Graves’ ophthalmopathy (GO), also known as thyroid eye disease (TED), is an orbital disease that is uniquely linked to Graves’ disease (GD), generally present in 25%–50% of GD patients (1). The main clinical features of GO include proptosis, lacrimal gland enlargement, eyelid retraction, diplopia, and exposure keratopathy, even developing into irreversible vision loss in severe cases (2). It is generally agreed that GO is an autoimmune disease that results in orbital remodeling, enlargement and fibrosis (3). These pathological changes involves three distinct but related immune processes: inflammation, adipogenesis and glycosaminoglycan accumulation (4). Most investigators have hypothesized that orbital fibroblasts are the main targets of inflammatory cytokines released by infiltrated immune cells in the extraocular muscle and orbital adipose tissue (5). Moreover, activated orbital fibroblasts could secrete many cytokines, such as interleukins 1β, 6, 8, 16, TNF-α, RANTES and CD154 (6). These cytokines promote orbital trafficking of monocytes and macrophages, facilitate differentiation of orbital fibroblasts and stimulate accumulation of hyaluronic acid-rich stroma, leading to uncontrolled immune responses (46). Although several mechanisms have been proposed for the development of GO, the exact pathogenesis of GO has not yet been illustrated.
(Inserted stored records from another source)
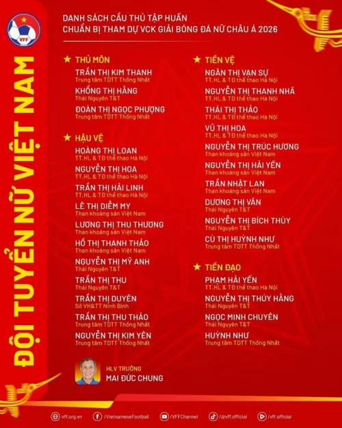 Ở đợt tập trung đầu năm 2026, HLV trưởng Mai Đức Chung triệu tập 28 cầu thủ tập huấn tại trung tâm Đào tạo Bóng đá trẻ Việt Nam. Bên cạnh đó, ban huấn luyện sẽ tiếp tục lựa chọn và bồi dưỡng các vận động viên trẻ tiềm năng. Cụ thể, một số cầu thủ trẻ hiện đang tham dự giải U19 nữ quốc gia sẽ được theo dõi, đánh giá trong quá trình thi đấu và có thể triệu tập lên đội tuyển sau khi giải đấu kết thúc (7/2).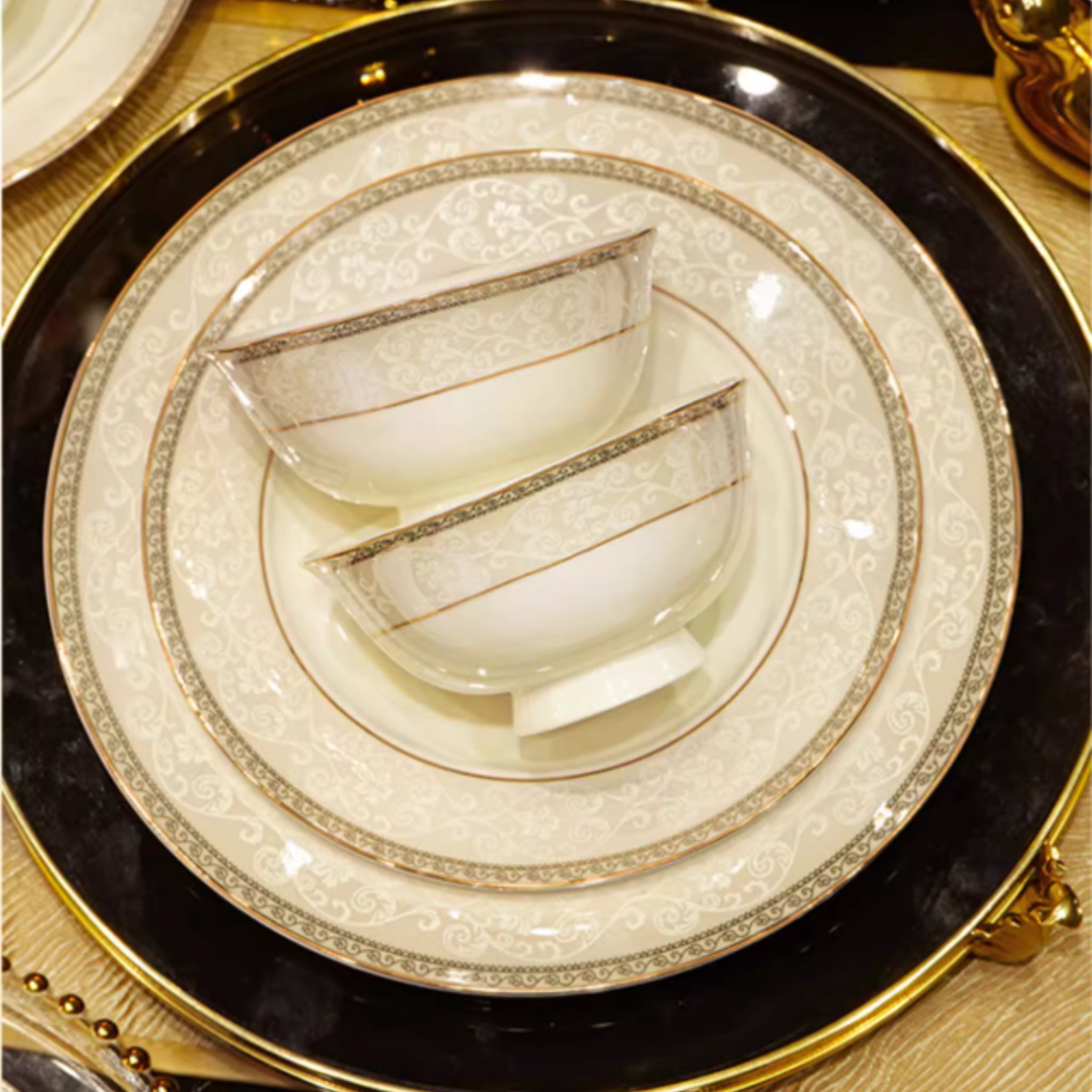 Dine like royalty with our Opulent Gold Rimmed Dinnerware Set. This magnificent collection redefines luxurious dining, featuring exquisite pieces crafted from premium porcelain with lavish, intricate gold-rimmed detailing and subtle embossed patterns. Evoking a grand, royal style, this tableware set is designed to make every meal a majestic event. Perfect for weddings, anniversaries, formal gatherings, or simply creating an unparalleled dining experience, it promises to be the centerpiece of your most cherished celebrations.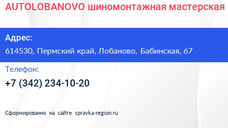 AUTOLOBANOVO, шиномонтажная мастерская по адресу 614530, Пермский край, Лобаново, Бабинская, 67 в дальнейшем Организация, размещена в следующих категориях: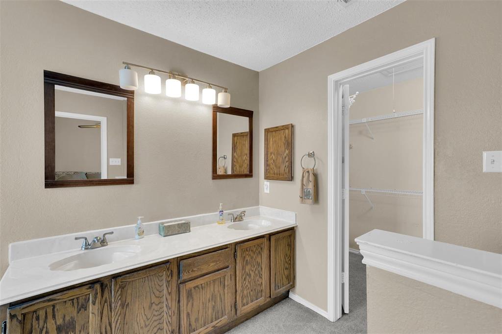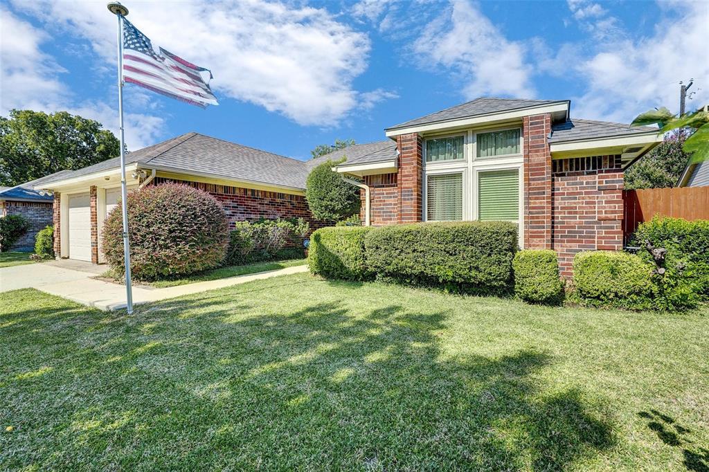 WARM AND INVITING ONE STORY HOME IN A GREAT CENTRAL DFW LOCATION * PERFECT FOR A RETIRED COUPLE, A YOUNG FAMILY OR ANYONE LOOKING FOR THE CONVENIENCE OF A SINGLE STORY ARRANGEMENT * THIS HOME HAS MANY CUSTOM FEATURES INCLUDING ELABORATE MASTER BATH WITH GARDEN TUB AND SEPARATE SHOWER, BUILTIN QUALITY CABINETRY AND SOARING VAULTED CEILINGS * MASTER BEDROOM HAS A LARGE WALK-IN CLOSET * THE HOME HAS A DESIRABLE FLOOR PLAN WITH A CENTRAL LIVING AREA WITH BEDROOMS SPLIT FRONT TO REAR ON ONE SIDE AND THE KITCHEN AND DINING AREA ON THE OTHER SIDE * THIS FULL BRICK HOME HAS A COVERED FRONT PORCH AND A REAR PATIO COVERED WITH A WOOD PERGOLA * BEAUTIFUL 2025 LUXURY VINYL PLANK FLOORING * LARGE KITCHEN HAS A LENGTHY BREAKFAST BAR * MATURE LANDSCAPING * STORAGE BUILDING * TWO CAR GARAGE WITH OPENER * ESTABLISHED NEIGHBORHOOD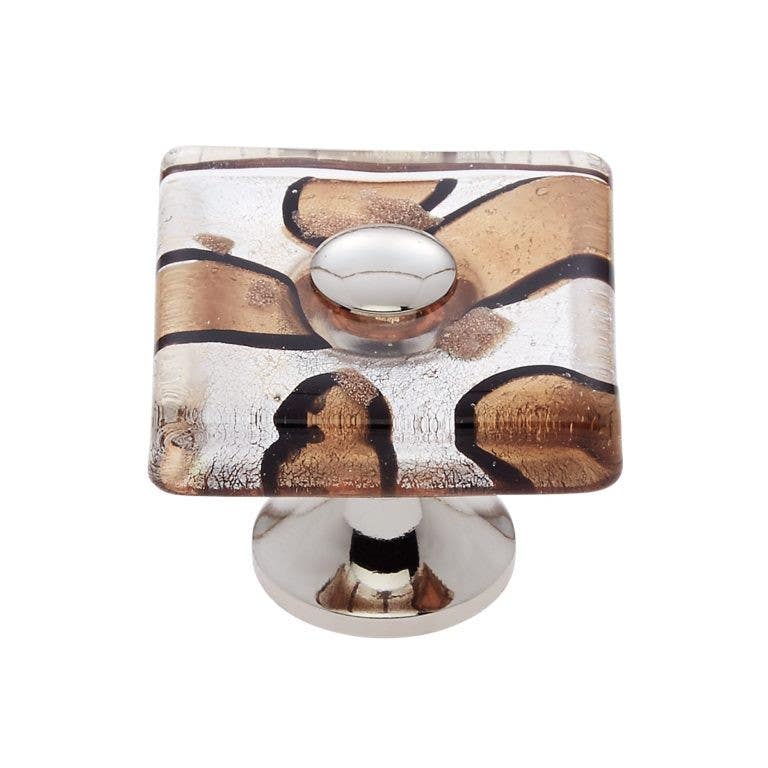 • Murano Collection Old World Bronze Finish 35 mm Silver and Gold Flat Square Glass Knob, Composition Glass and Solid Brass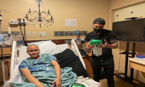 “Aquí visitando a un campeón de vida Carlos Molina, lo invité a mi última pelea y hoy tuve oportunidad de visitarlo en el hospital. Es un joven de 15 años muy valiente, que está enfrentando una dura pelea contra el cáncer. Conocerlo me enseña mucho más que los golpes en el ring, ningún problema ni dolor es más grande que la lucha que enfrentan los niños con cáncer y sus familiares”.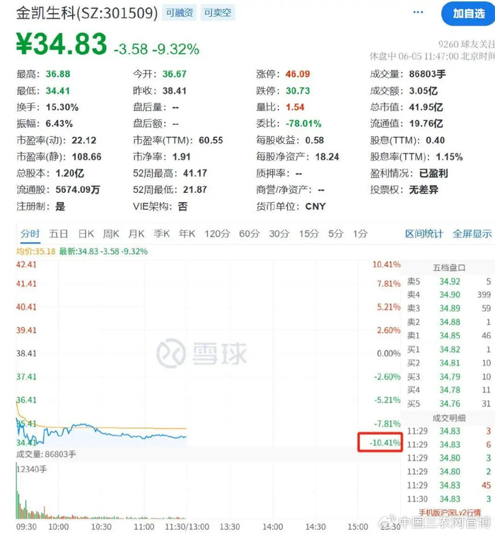 个股方面,金凯生科盘中跌超10%,截至午间收盘跌9.32%。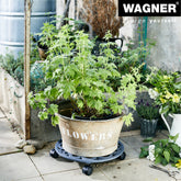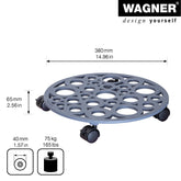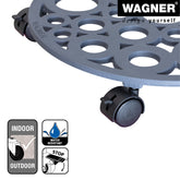 Wagner Round Cast Iron Plant Caddy has classic beauty while circle design gives it a contemporary twist. Twin wheel smooth-rolling casters glide easily over carpets and floors without marring or tipping. Casters are equipped with brakes for safe positioning. Water resistant 165 lb capacity 15" diameter. Dark grey color to go with any decor indoors or out. The Wagner company located in southern Germany near the Black Forest has earned a reputation for exceptional quality. With over 40 years experience in design and manufacturing their products are rigorously tested for quality safety and durability.

Recently, high-throughput technologies provided ample evidence on the potential biomarkers and molecular mechanisms of GO. For examples, microarray analysis revealed the potential role of CASQ2 to trigger autoimmunity events (7), and identified several adipogenesis-related genes and some genes involved in Wnt and IGF-1 signaling as being potentially implicated in pathogenesis (811). RNA-Seq also identified some meaningful genes (such as PTX3, HOXB2, HOXB3, CCL2, and SERPINA1) as potential biomarkers of GO (1214). In addition, microRNA and protein sequencing found some blood circulating biomarkers that have the potential to diagnose GD, predict GO disease status and optimize patient management, such as hsa-miR-27a-3p, hsa-miR-22-3p, zonulin, haptoglobin, and lumican (15). All these accumulating findings improve our knowledge of the mechanisms underlying pathological changes in extraocular muscle and orbital adipose tissue of GO. Nevertheless, our understanding of the molecular mechanisms of lacrimal gland enlargement in GO is still limited.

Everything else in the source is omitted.